Objectives:  Our major research goal was to determine how zebra mussels disperse and colonize through drainage basins that contain connected lake-stream systems.  Our specific objectives were to (1) describe the longitudinal distribution of adult and larval zm in streams flowing from colonized lakes, (2) test mechanisms contributing to the apparent "settlement bottleneck" for zm in streams, (3) test whether predators may influence the invasibility of streams by zm, and (4) measure responses of other aquatic biota to the presence of zm in lake-outflow environments.

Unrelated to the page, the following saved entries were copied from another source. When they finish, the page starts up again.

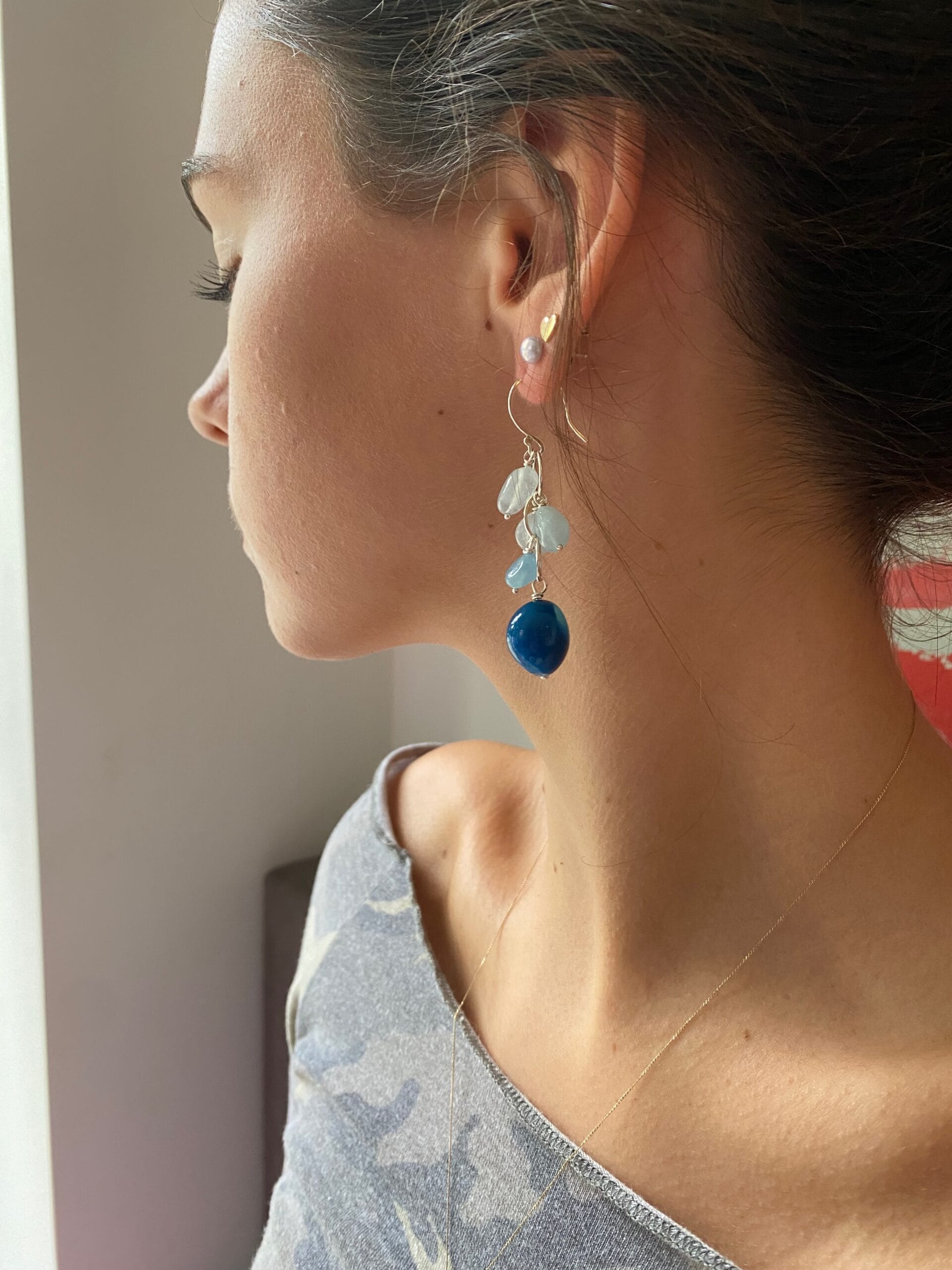 Aquamarine and chalcedony waterfall earrings with recycled silver
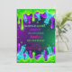 A sticky and gooey neon slime birthday invitation featuring bubbling green and purple toxic sludge dripping over a dark background with science lab flasks. Perfect for a messy science or slime-themed birthday party.Science Birthday Invitation Science Invite.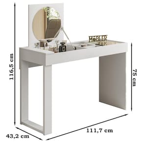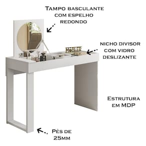 Escrivaninha Penteadeira Reppy 112 cm, uma excelente opção para você que busca design funcional, moderno e fácil de incluir em qualquer ambiente. Estrutura em MDP de 15 e 25 mm, pintura com acabamento em UV (Fosco). Composta por tampo basculante com pistão a gás, dobradiças metálicas e espelho redondo, nicho divisor organizacional com vidro deslizante para objetos e maquiagens e acompanham sapatas plásticas. Suporta até 25kg. Perfeita para organizar suas maquiagens ou outros produtos proporcionando praticidade e conforto. Este móvel chegará na sua casa separado em 1 volume.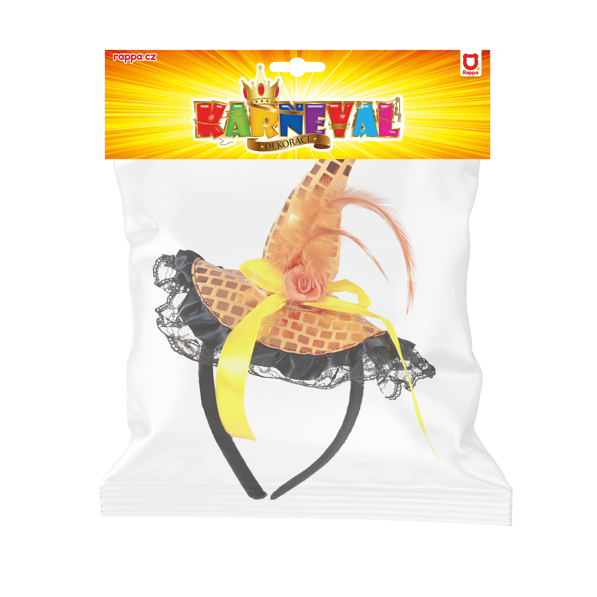 Nepřehlédnutelná čelenka s mini kloboučkem v oranžové barvě a černou krajkou je senzačním doplňkem na párty či karneval. Ideální ozdoba do vlasů při oslavě čarodějnic nebo Halloweenu. Zakupte produkt Čelenka s čarodějnickým mini kloboučkem z kategorie Hry, hračky, párty, karneval | Karneval | Doplňky od výrobce RAPPA za cenu 62 Kč.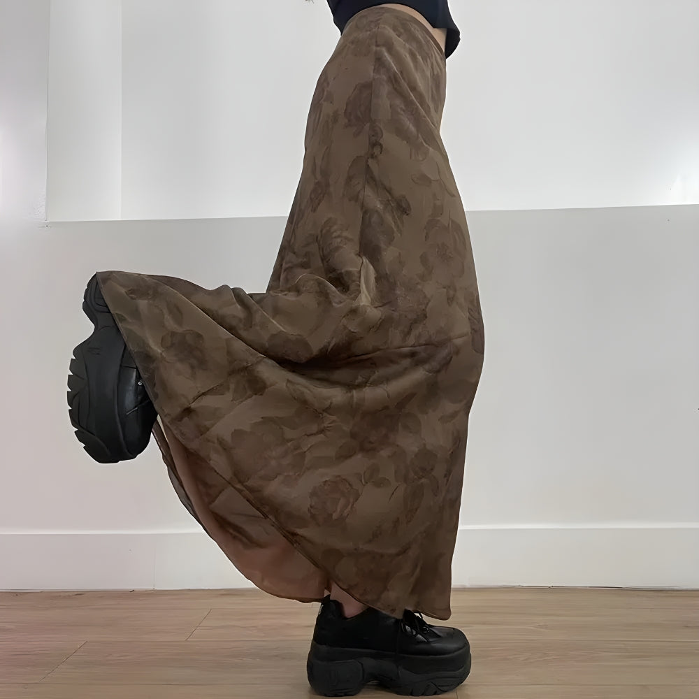 Embrace the fairy grunge aesthetic with this enchanting floral printed maxi skirt. The low rise and brown inner lining add a vintage touch, perfect for festival wear or casual fall days. Its whimsical design is sure to captivate and charm.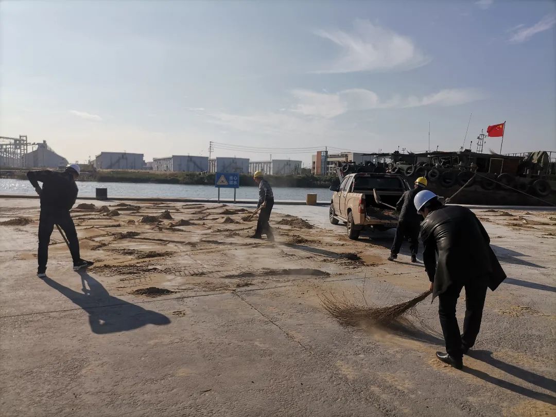 航運(集裝箱)集團在首次承接的黃砂集改散業(yè)務(wù)中。26個集裝箱小柜近800噸黃砂僅用時3.6小時就完成作業(yè),順利交貨,生產(chǎn)調(diào)度中心及運營操作部負責(zé)人全部在一線負責(zé)指揮調(diào)度,并在作業(yè)完成后,為了不影響場地的后續(xù)使用,帶頭扛起鐵鍬沖到現(xiàn)場清理,經(jīng)過近2小時的清理,3余噸的殘余沙石貨物全部清理完畢,不僅得到了貨主的贊揚,也向所有同事及兄弟單位展現(xiàn)了有困難一起上,見石頭齊心抬的團隊精神。
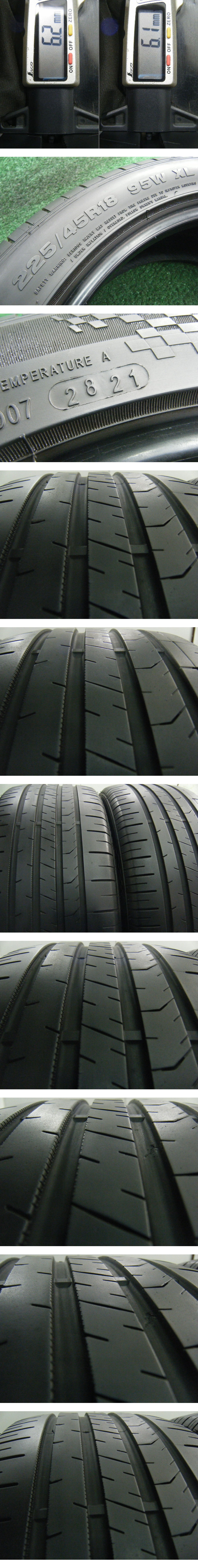 ※残り溝に関しましては、主観の差が出ないよう、国産のタイヤゲージを用いて計測を行い、計測画像を掲載し、『目安』としての残り溝(~分山)を記載させて頂いております。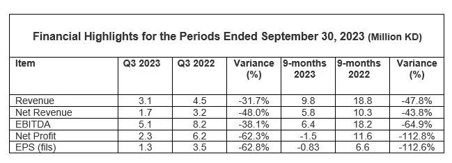 The Company’s operating revenue came in at KD 3.1 million, a decrease of 31.7% compared to the same period in 2022. Total assets stood at KD 572 million, as of September 30, 2023.

Summary:  The invasion of the Great Lakes by zebra Mussels (Dreissena polymorpha) is costing many millions of dollars for control and mitigation, but strikingly little is known about the potential for zm to colonize flowing waters, their population dynamics in rivers, or their impact on riverine biota.  Lakes usually are the points of invasion, but outflowing streams may be the conduits for zm dispersal and subsequent ecological and economic impacts.  In this 1-year project, we examined the dispersal, recruitment, and physiological condition of zm in cupled lake-stream systems in the St. Joseph River basin (Indiana-Michigan), a major drainage of southern Lake Michigan.   Abundanc4s of both settled zm and drifting veligers in 2 streams declined exponentially with increasing distance from the zm-colonized lake source of each stream.   We sought mechanisms responsible for these patterns.  Using a unique staining method that differentiated live from dead veligers, we found that veliger mortality increased with distance downstream, possibly due to turbulent forces acting on the veligers during transport.  In general, zm recruitment was poor in the streams compared with their lake sources although growth of settled zm was higher in the stream than in at least one lake.  Veligers may experience a "settlement bottleneck" in streams, related to hydrodynamics, substrate composition, predation, and competition with other invertebrates for space or food.